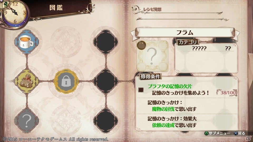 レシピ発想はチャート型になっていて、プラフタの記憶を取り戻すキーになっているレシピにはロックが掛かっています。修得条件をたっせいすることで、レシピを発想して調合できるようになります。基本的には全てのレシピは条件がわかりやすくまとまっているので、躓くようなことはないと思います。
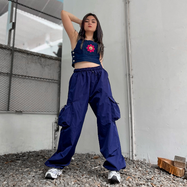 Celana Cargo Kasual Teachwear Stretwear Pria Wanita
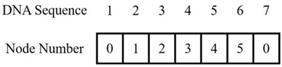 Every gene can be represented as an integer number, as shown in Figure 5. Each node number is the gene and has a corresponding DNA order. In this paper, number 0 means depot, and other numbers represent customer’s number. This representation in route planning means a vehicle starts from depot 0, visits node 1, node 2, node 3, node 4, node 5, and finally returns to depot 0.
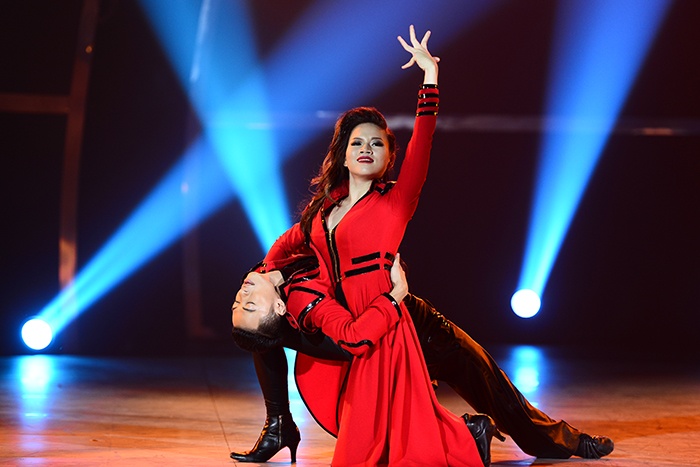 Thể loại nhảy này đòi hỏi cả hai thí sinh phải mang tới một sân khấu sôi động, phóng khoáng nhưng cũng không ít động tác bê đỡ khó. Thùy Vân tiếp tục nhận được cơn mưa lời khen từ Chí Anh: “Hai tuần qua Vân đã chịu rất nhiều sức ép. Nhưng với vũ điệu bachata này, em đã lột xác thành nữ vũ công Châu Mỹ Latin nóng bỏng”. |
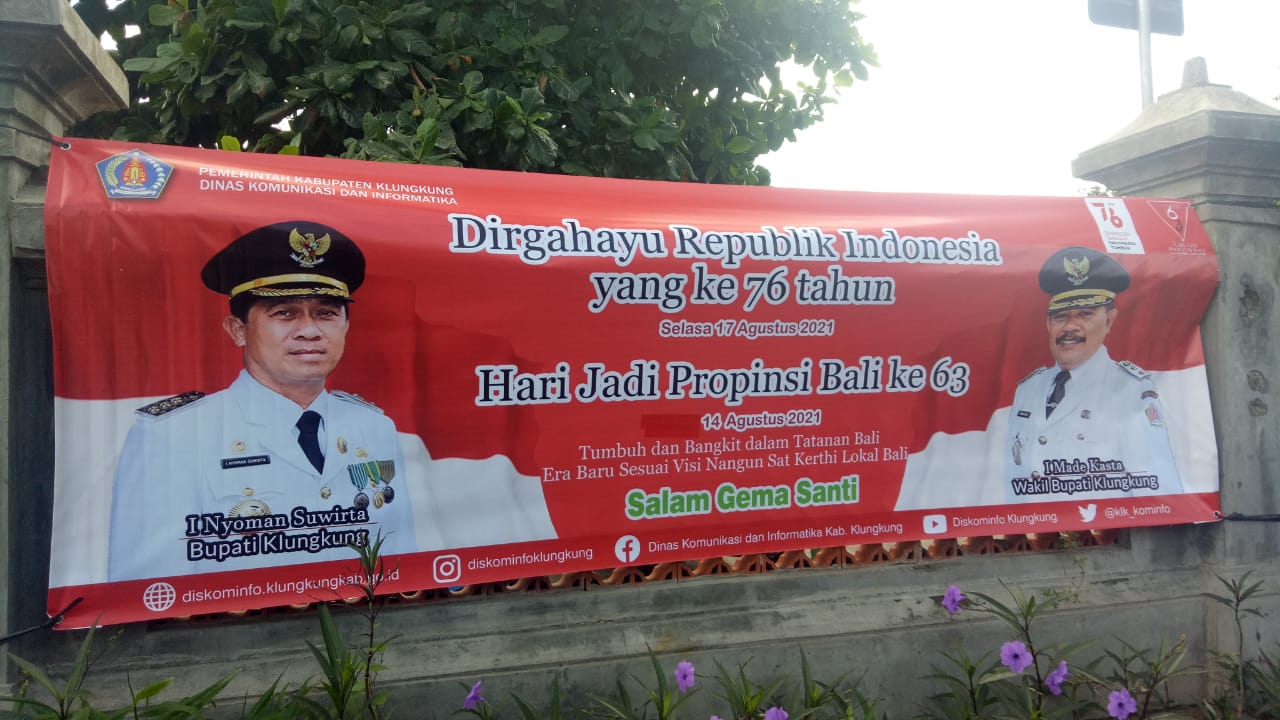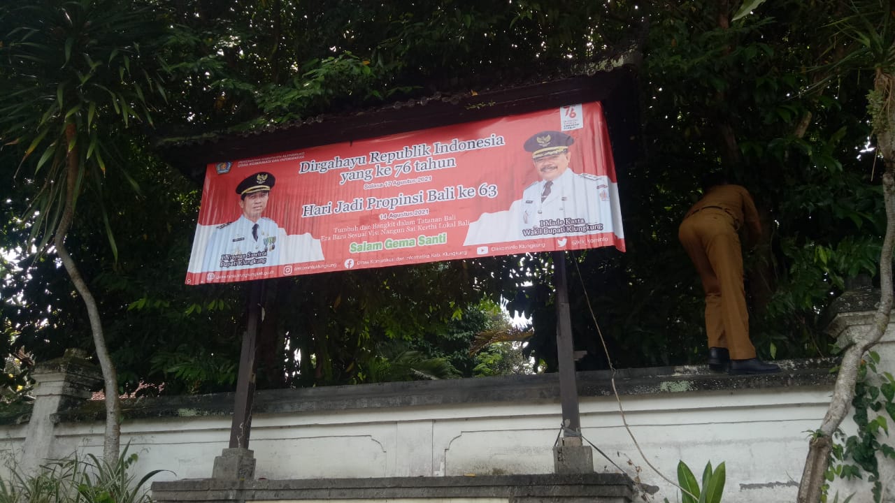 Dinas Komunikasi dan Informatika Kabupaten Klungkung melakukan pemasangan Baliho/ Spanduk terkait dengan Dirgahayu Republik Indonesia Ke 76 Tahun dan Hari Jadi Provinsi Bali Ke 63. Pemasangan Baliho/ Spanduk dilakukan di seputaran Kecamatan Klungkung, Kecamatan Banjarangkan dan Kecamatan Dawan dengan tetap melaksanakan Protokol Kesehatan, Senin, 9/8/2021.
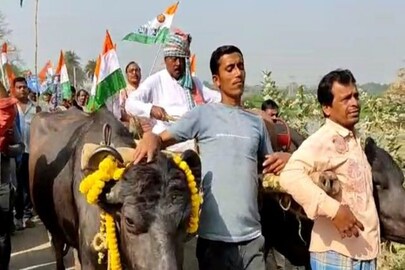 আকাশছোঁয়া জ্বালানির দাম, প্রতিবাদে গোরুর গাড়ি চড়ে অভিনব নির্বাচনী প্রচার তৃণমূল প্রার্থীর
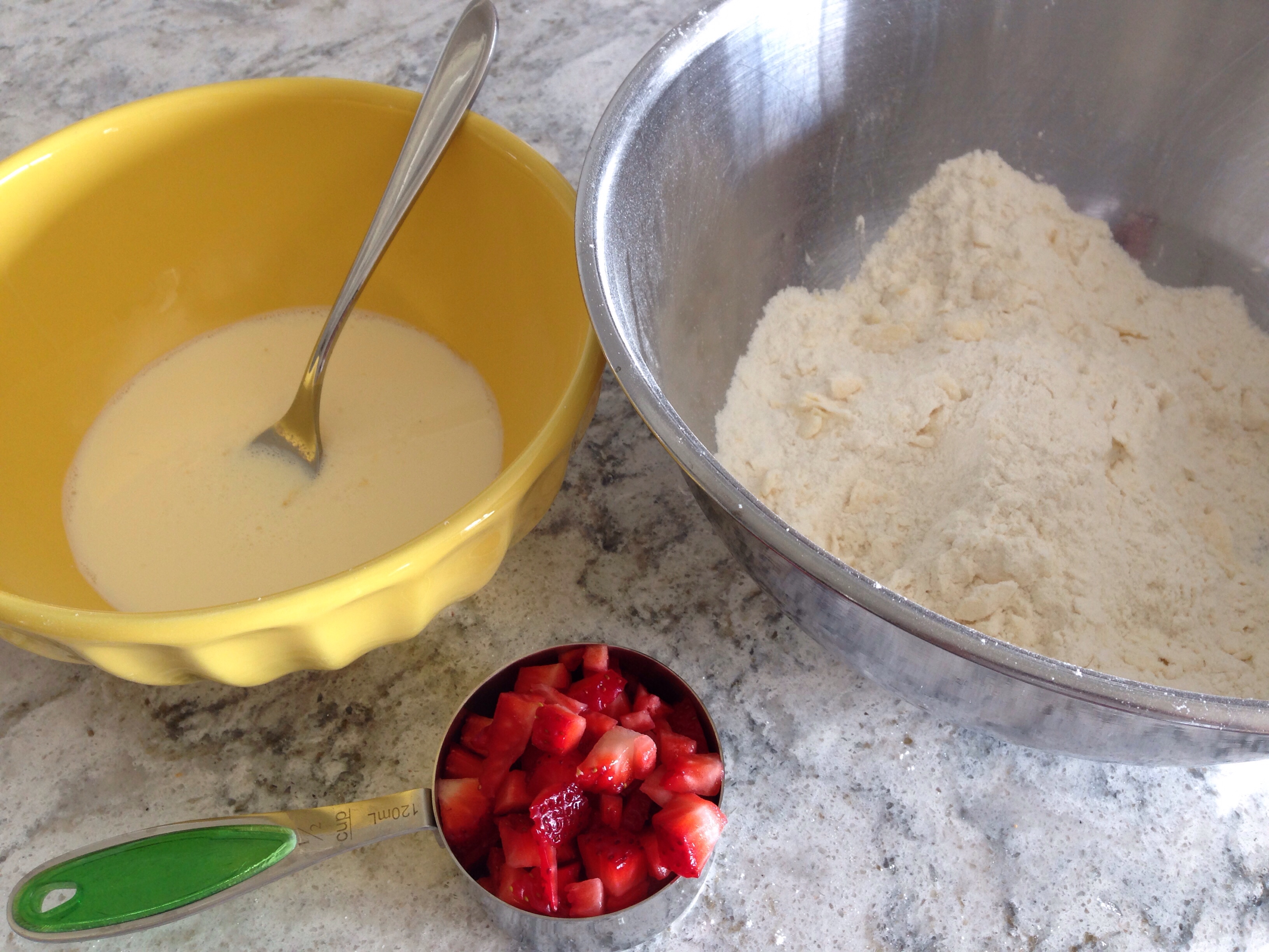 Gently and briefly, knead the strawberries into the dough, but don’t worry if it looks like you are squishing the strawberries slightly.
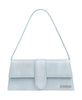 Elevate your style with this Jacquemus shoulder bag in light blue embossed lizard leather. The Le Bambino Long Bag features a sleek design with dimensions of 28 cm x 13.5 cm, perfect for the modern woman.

Your goal | Without including any picture, print all of the entries above exactly.

Response |
 レシピ発想はチャート型になっていて、プラフタの記憶を取り戻すキーになっているレシピにはロックが掛かっています。修得条件をたっせいすることで、レシピを発想して調合できるようになります。基本的には全てのレシピは条件がわかりやすくまとまっているので、躓くようなことはないと思います。
 Celana Cargo Kasual Teachwear Stretwear Pria Wanita
 Every gene can be represented as an integer number, as shown in Figure 5. Each node number is the gene and has a corresponding DNA order. In this paper, number 0 means depot, and other numbers represent customer’s number. This representation in route planning means a vehicle starts from depot 0, visits node 1, node 2, node 3, node 4, node 5, and finally returns to depot 0.
 Thể loại nhảy này đòi hỏi cả hai thí sinh phải mang tới một sân khấu sôi động, phóng khoáng nhưng cũng không ít động tác bê đỡ khó. Thùy Vân tiếp tục nhận được cơn mưa lời khen từ Chí Anh: “Hai tuần qua Vân đã chịu rất nhiều sức ép. Nhưng với vũ điệu bachata này, em đã lột xác thành nữ vũ công Châu Mỹ Latin nóng bỏng”. |
 Dinas Komunikasi dan Informatika Kabupaten Klungkung melakukan pemasangan Baliho/ Spanduk terkait dengan Dirgahayu Republik Indonesia Ke 76 Tahun dan Hari Jadi Provinsi Bali Ke 63. Pemasangan Baliho/ Spanduk dilakukan di seputaran Kecamatan Klungkung, Kecamatan Banjarangkan dan Kecamatan Dawan dengan tetap melaksanakan Protokol Kesehatan, Senin, 9/8/2021.
 আকাশছোঁয়া জ্বালানির দাম, প্রতিবাদে গোরুর গাড়ি চড়ে অভিনব নির্বাচনী প্রচার তৃণমূল প্রার্থীর
 Gently and briefly, knead the strawberries into the dough, but don’t worry if it looks like you are squishing the strawberries slightly.
 Elevate your style with this Jacquemus shoulder bag in light blue embossed lizard leather. The Le Bambino Long Bag features a sleek design with dimensions of 28 cm x 13.5 cm, perfect for the modern woman.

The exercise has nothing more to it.